Senior Staff Writer

Investors in Valentis Inc. took a devastating blow Tuesday, when the company reported lead drug VLTS 934 failed to show a statistically significant difference from placebo in a Phase IIb peripheral arterial disease study.

The stock (NASDAQ:VLTS) plummeted 79.1 percent, or $2.63, to end the day at 69 cents. As a result of the top-line data, Burlingame, Calif.-based Valentis is considering the sale or merger of the business.

"We have no plans for further development of this product," said Benjamin McGraw, the company's chairman, president and CEO, during a conference call.

Valentis began patient dosing in the Phase IIb trial in the spring of 2005. The primary endpoint was improvement in exercise tolerance on an escalating grade treadmill after 90 days. VLTS 934, a non-ionic, block copolymer known as poloxamer, seemed to produce a therapeutic benefit in ischemic tissue, and the company launched the Phase IIb trial in 157 patients with the intermittent claudication form of PAD based on promising results in a previous Phase IIa trial that had a "virtually identical protocol" as well as preclinical data indicating a viable mechanism of action, McGraw said.

The Phase IIa results, reported in December 2004 at the American Heart Association meeting in New Orleans, showed that both groups treated with the company's Deltavasc (Del-1 angiogenesis gene plus VLTS 934) and VLTS 934 candidates demonstrated statistically significant improvement in both exercise tolerance and ankle brachial index compared to baseline. At the 90-day assessment, the VLTS 934 group of 51 patients had a significant increase in exercise tolerance from baseline of 34 percent and the Deltavasc group of 49 patients had a significant increase in exercise tolerance from baseline of 32 percent. Further analyses pushed the VLTS 934 group's figure up to 37 percent.

"When we actually ended up with virtually identical results between the gene arm and the VLTS 934 arm, we went forward with 934," Joe Markey, Valentis' vice president of finance and administration, told BioWorld Today.

In contrast, the Phase IIb study failed to show a statistically significant change in exercise in the 78 patients receiving VLTS 934 vs. the 79 patients receiving placebo in the Phase IIb trial. There was no significant difference in any of the secondary endpoints of exercise tolerance at 30 days, ankle-brachial index at 30 and 90 days, total work capacity at 30 and 90 days and quality of life at 90 days.

"That's the most frustrating thing to us," McGraw said. "We can't understand why there was such a difference between the two trials."

The company looked at discrepancies in the "investigative makeup," in the PAD patients, in the subgroup analyses, he said, but could find nothing significantly different between the Phase IIa and the Phase IIb trials.

"The bottom line is we don't know," he said.

While the Phase IIb's change in exercise in the placebo group was close to Valentis' assumption, the drug group results were well below the Phase IIa trial results.
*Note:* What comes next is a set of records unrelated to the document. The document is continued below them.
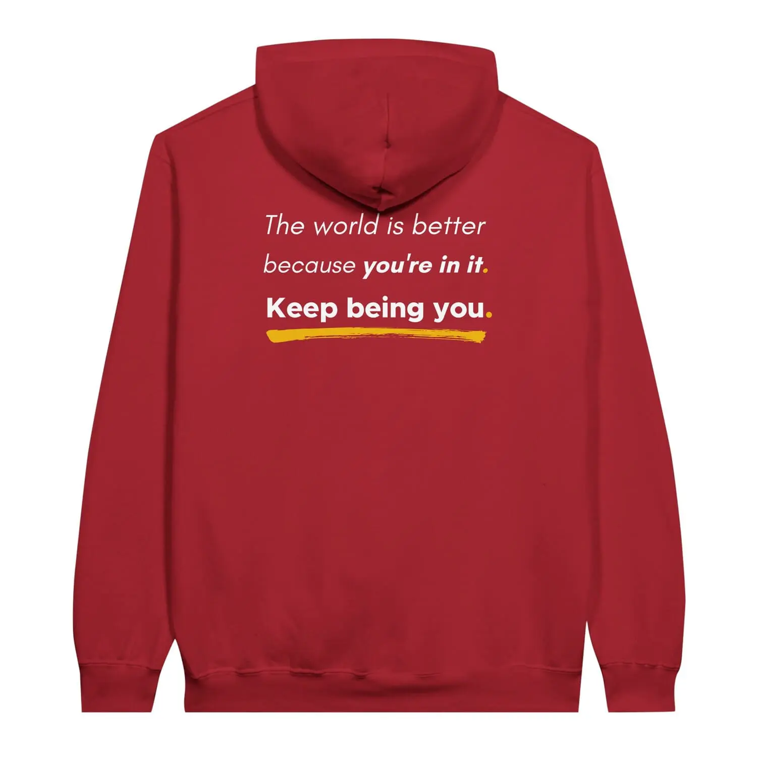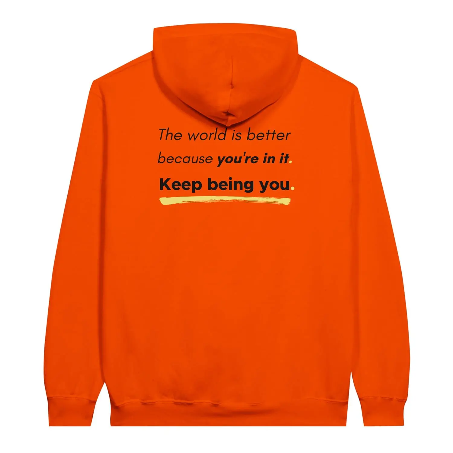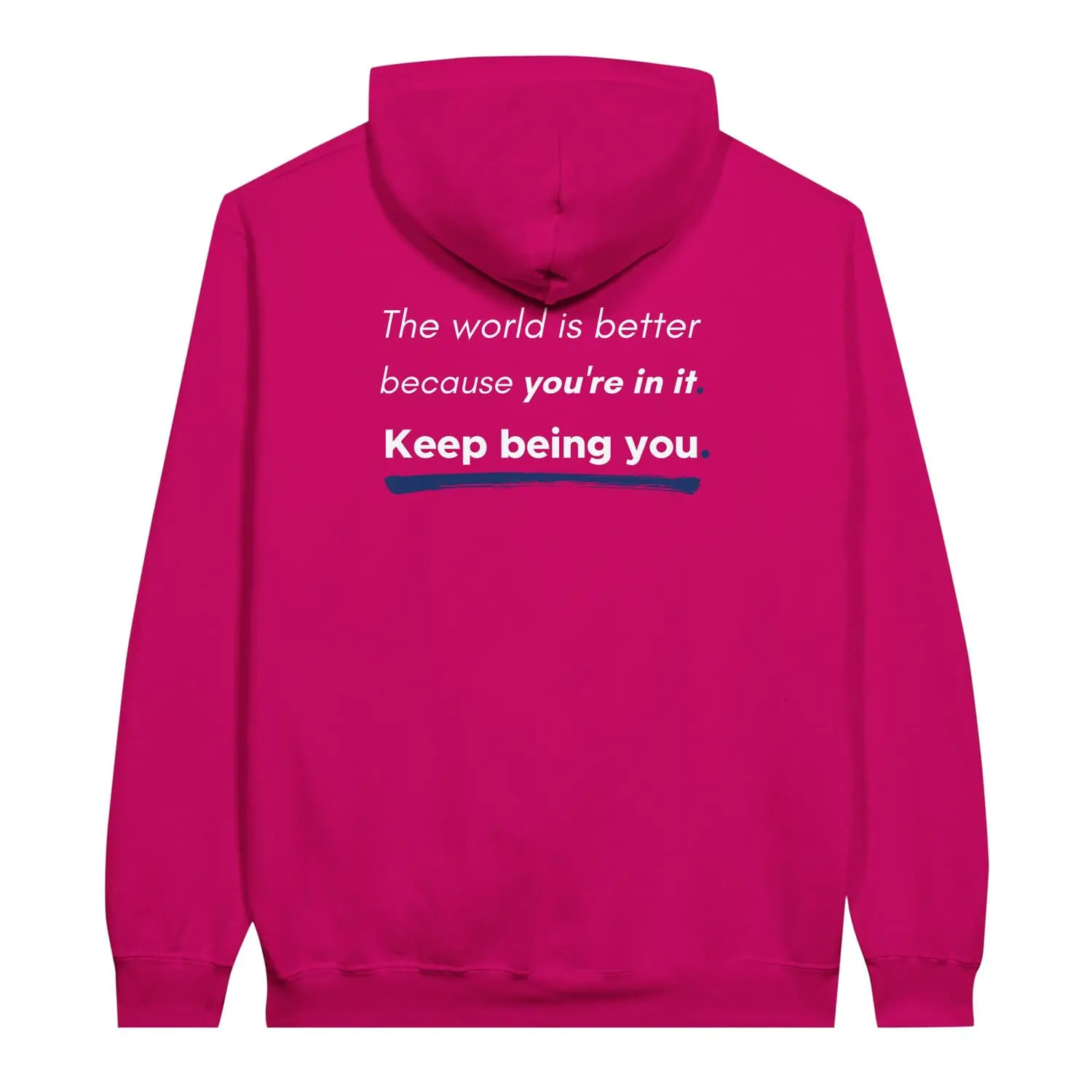 Wear a powerful message of self-acceptance and affirmation with this “You Are Enough” Pullover Hoodie. The reverse positive message reads “The world is better because you’re in it. Keep Being You“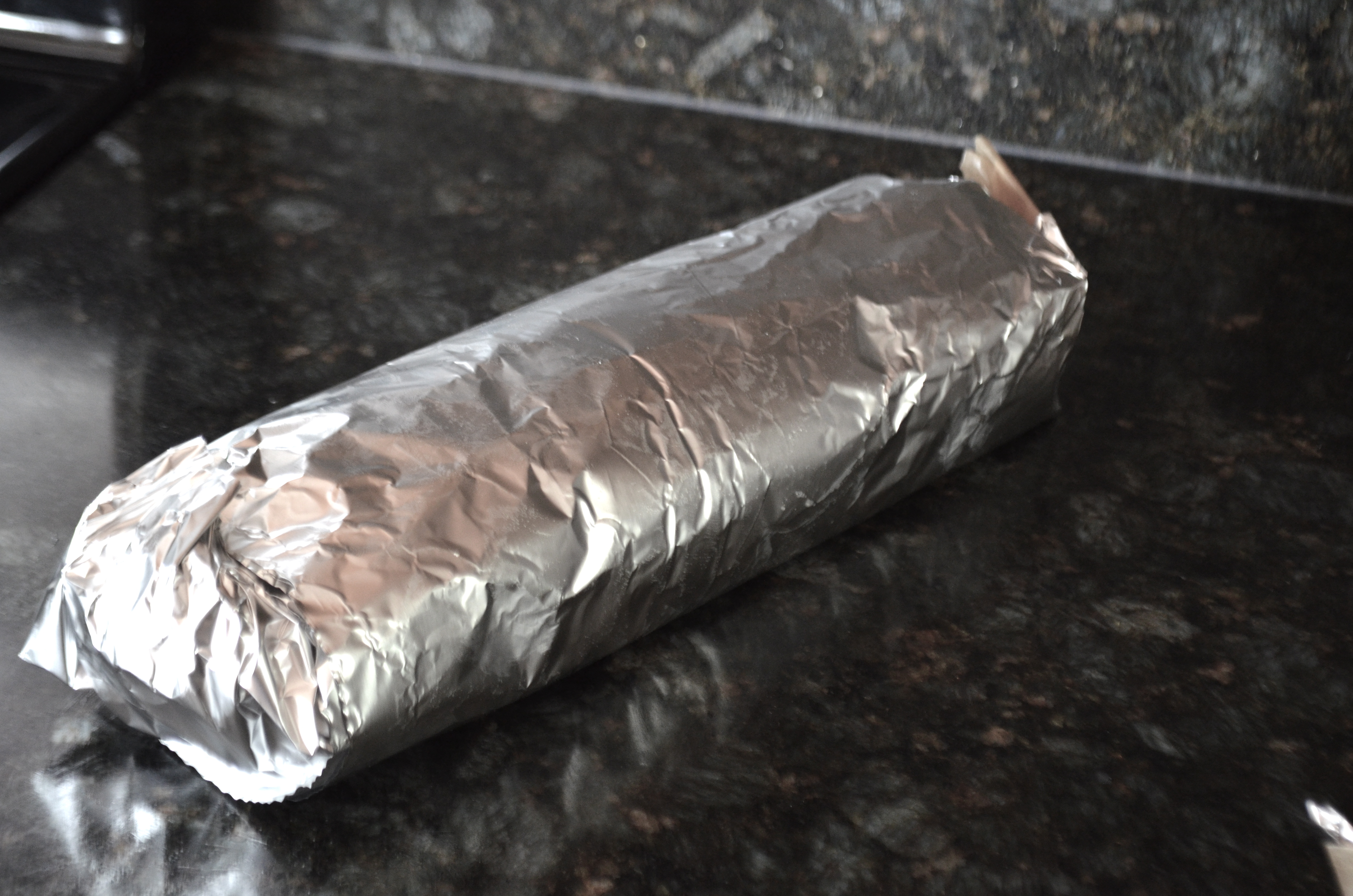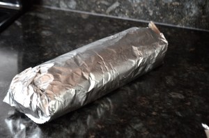 It may not stay in place well, so I recommend wrapping it in the greased parchment you have left over and then wrapping that tightly in tin foil and placing it in the refrigerator until you serve it.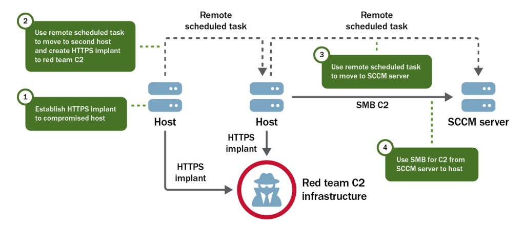 “The preexisting web shell allowed the red team to run arbitrary commands on the server as a user (WEBUSER1). Using the web shell, the red team identified an open internal proxy server to send outbound communications to the internet via… HTTPS. The red team then downloaded and executed a Sliver payload that utilized this proxy to establish… C2 over this host, calling back to their infrastructure.”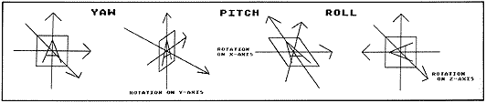 The program uses DATA statements to define the object that's shown in the illustrations of yaw, pitch, and roll. It's a square with the letter "A" and three arrows for the three axes, and the program will rotate it any way you'd like.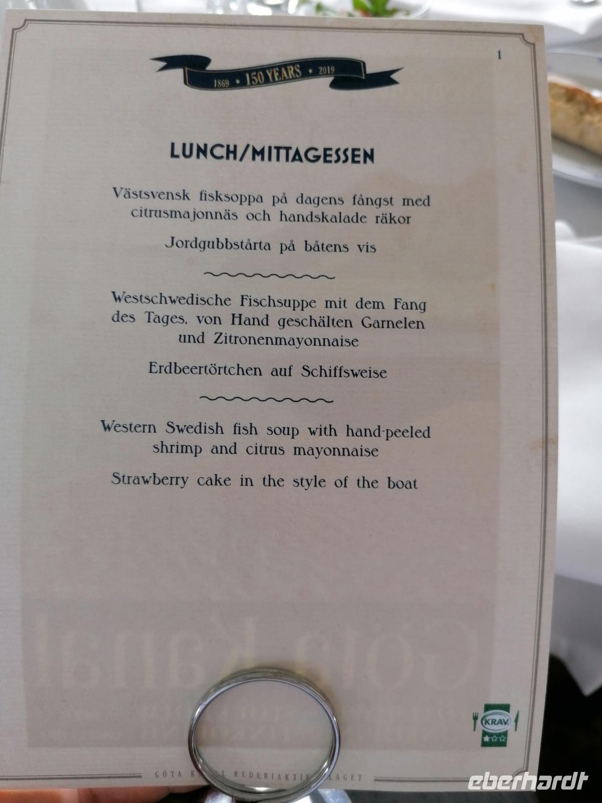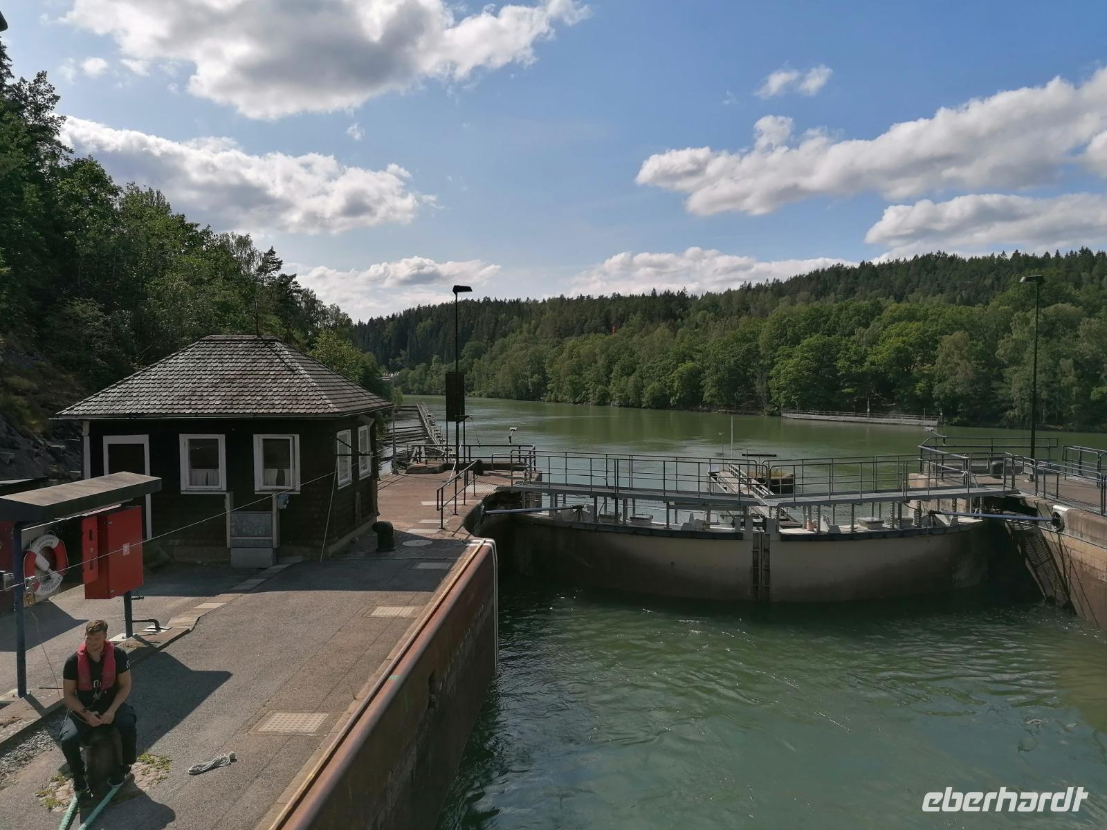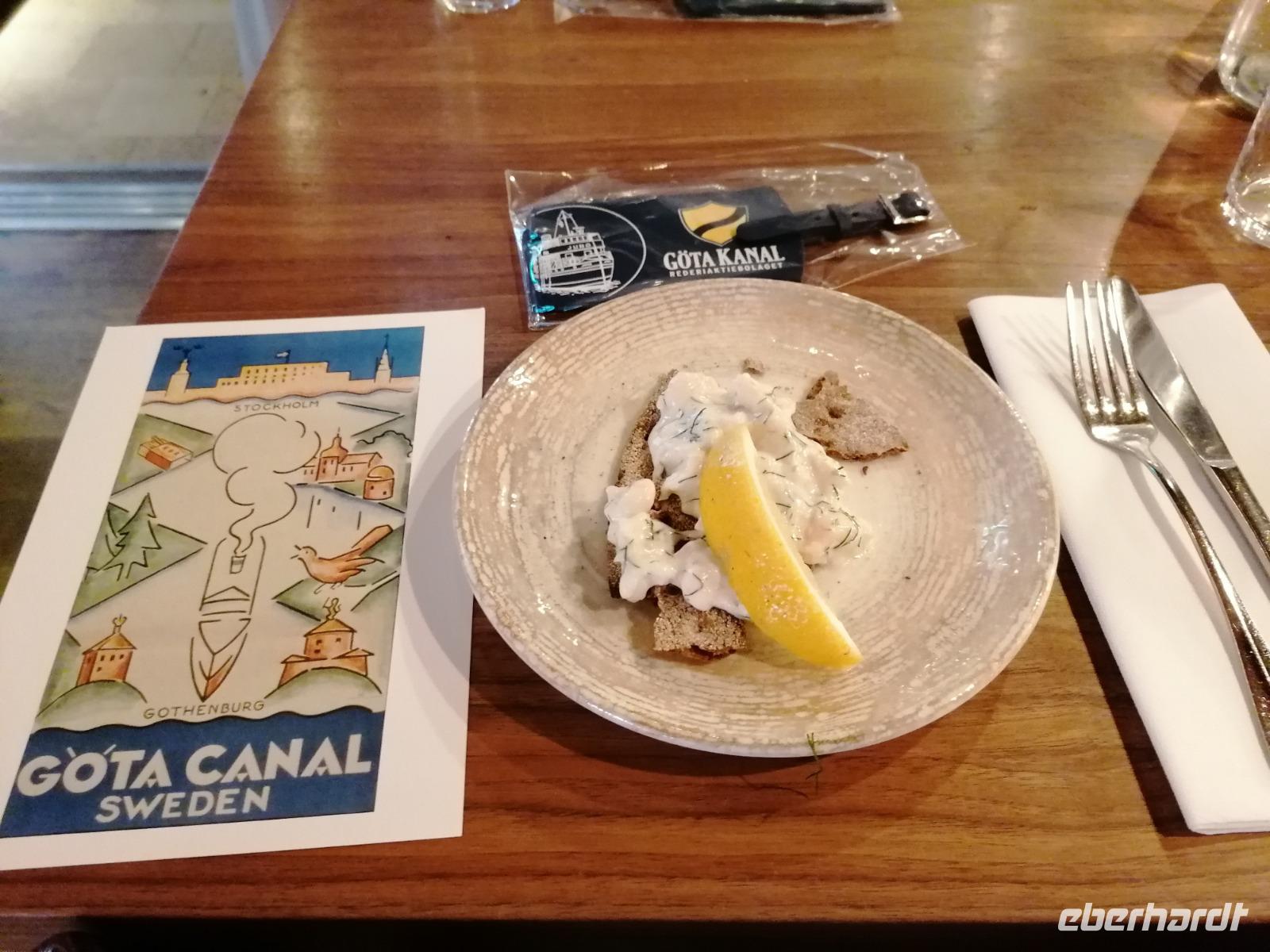 Auch heute starteten wir mit einem umfangreichen skandinavischen Frühstück, bevor es hieß Koffer packen und Leinen los. Mit einem Bus fuhren wir in Richtung Terminal, wo die MS Diana schon auf uns wartete. Die Bordcrew und unsere Reiseleiterin Susan erwartete uns schon vor dem Schiff. Nach einem kurzen Kennenlernen wurden unsere Koffer auf unsere Kabinen gebracht und wir trafen uns auf dem Oberdeck, um die schwedische Süßigkeit Wienerbröd, im Deutschen vergleichbar mit Puddingplunder, zu probieren. Dazu wurde Kaffee serviert. Dann hieß es endlich Leinen los und wie begann unsere Kreuzfahrt auf dem Göta-Kanal. Zunächst hatten wir auf den Göta Fluss und konnten es uns an Oberdeck gemütlich machen. Um die Mittagszeit gab es ein Begrüßungsmeeting. Hier lernten wir die Crew und die Regeln auf dem Schiff kennen. Alle Crewmitglieder waren sehr hilfsbereit und freundlich und wir fühlten uns sofort willkommen. Im Anschluss wurde ein zwei Gänge Mittagessen serviert, wo wird die erste Kostprobe von den fantastischen Fähigkeiten des Kochs kennenlernen durften. Nach dem Mittagessen passierten wir die erste Schleuse Lilla Edet. Am Nachmittag erreichten wir schließlich die Schleusen von Trollhättan. Hier besuchten wir mit Susan das Kanalmuseum und konnten etwas Freizeit einschleusen verbringen. Wir spazierten die alten Schleusen Treppen hinunter, die aus dem Beginn des 19. Jahrhundert stammen. Zurück an Bord hatten wir etwas Freizeit bevor wir um 19 Uhr zum Abendessen gerufen wurden. Zunächst stellte sich noch unser Kapitän vor und wir stoßen mit einem Sekt auf die gemeinsame Zeit am Göta-Kanal an. Nachdem bekommst Sekt gab es dann ein 3-Gänge Abendessen. Am Abend erreichten wir Vänersborg, wo wir heute über Nacht hier. Gemeinsam machten wir noch einen Abendspaziergang entlang des Kanals, bevor wir glücklich aber zufrieden ins Bett fielen.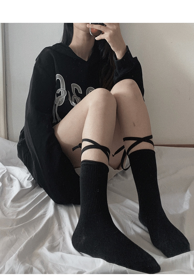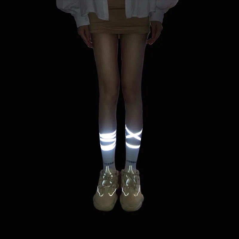 크로스 블랙 레깅스 양말 여성용 인스 스타일 중간 길이 양말 롱삭스 종아리 양말 면 나이트클럽 발광 레깅스 양말 트렌디스토어 가기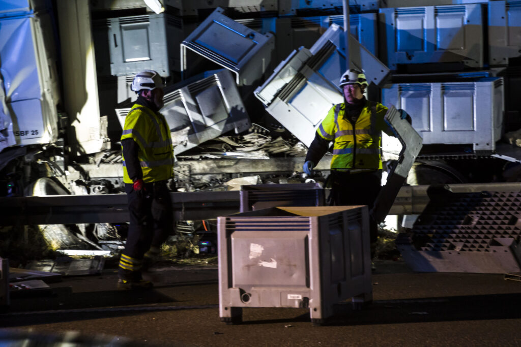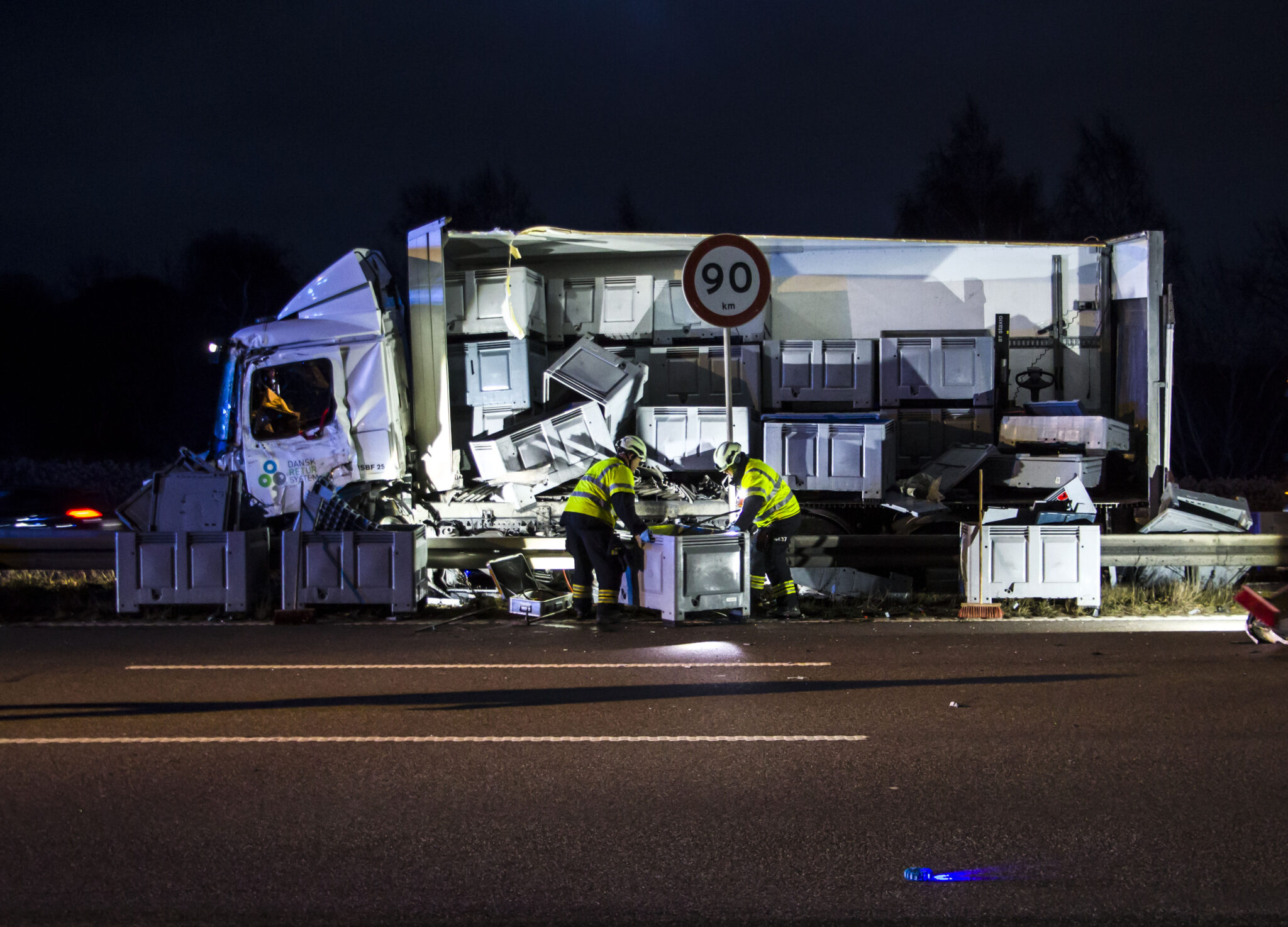 Lastbilen kørte ind i midterrabatten, hvor hele siden af køretøjet blev flået op. Dele fra lastbilen ramte efterfølgende biler i sydgående retning.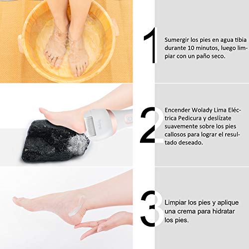 - 【EFICIENZA & SIN DOLOR】Wolady Lima Eléctrica Pedicura Eléctrico son más seguros y más potentes que el rollo de metal manual más eficiente e indoloro. Le ofrece una experiencia profesional de pedicura perfecta para el tratamiento de los pies. Los nuevos pies vienen con su uso cada vez. GARANTÍA DE 2 AÑOS.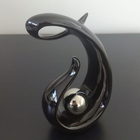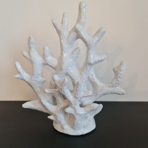 Dekorativ hånd skulptur i brun keramik. Skulpturen forestiller en realistisk menneskehånd og er udført i et rustikt, brunligt materiale med synlig struktur. Egnet som pyntegenstand på bord, hylde eller reol, eller som del af en kunst- eller samlerobjektsamling. Kan placeres liggende og fungerer som et mindre kunstobjekt til indretning.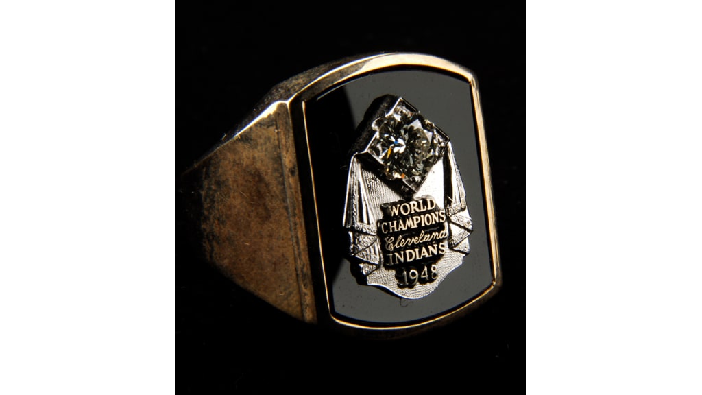 Fun facts: Behind the pitching of Bob Lemon, the Indians earned this World Series championship ring after they defeated the Braves in six games in the 1948 Fall Classic. The dramatic, diamond-topped theatrical curtain set in onyx distinguishes this ring from others, before or since.

Specific details of the data will be presented at a scientific meeting.

The failure leaves Valentis with two assumptions as to what happened. One is that the biology is not reproducible, but McGraw said, "I don't think anybody wants to believe that."

The other assumption is that PAD trials are difficult because the primary endpoint relies on a non-objective measure of pain that translates to time on a treadmill.

"That time is governed by the patient's perception of pain," McGraw said, later adding that "even if you have an active drug, you may have failures in certain trials."

VLTS 934 is the "fourth PAD drug to fail in mid- to late-stage trials in the last year," he said. One of those failures occurred in March when Toronto-based Vasogen Inc. reported Celacade missed its primary endpoint in improving patients' walking distance over placebo. (See BioWorld Today, March 14, 2006.)

Valentis now is assessing its options, which include selling or merging the business. As of June 30, it had between $4 million and $5 million in cash, Markey said.

The company's assets, aside from VLTS 934, include the developmentally regulated endothelial cell locus-1 (Del-1) gene and protein. The Del-1 gene was the basis of the Deltavasc drug that was part of the Phase IIa trial with VLTS 934. Valentis also has the Del-1 antibody, which is targeted for oncology applications.

"What the antibody does is it actually inhibits the development of blood vessels to cut off the blood supply to the tumor," Markey said, adding that it is similar to South San Francisco-based Genentech Inc.'s Avastin.

Other company assets include intellectual property for GeneSwitch, a technology for gene delivery and regulation; the LipoMASC delivery technology; a manufacturing business; and 10 licensee products that use Valentis' technology.

Founded in 1992, Valentis went public in 1997 and currently has 20 employees and about 17.1 million shares outstanding.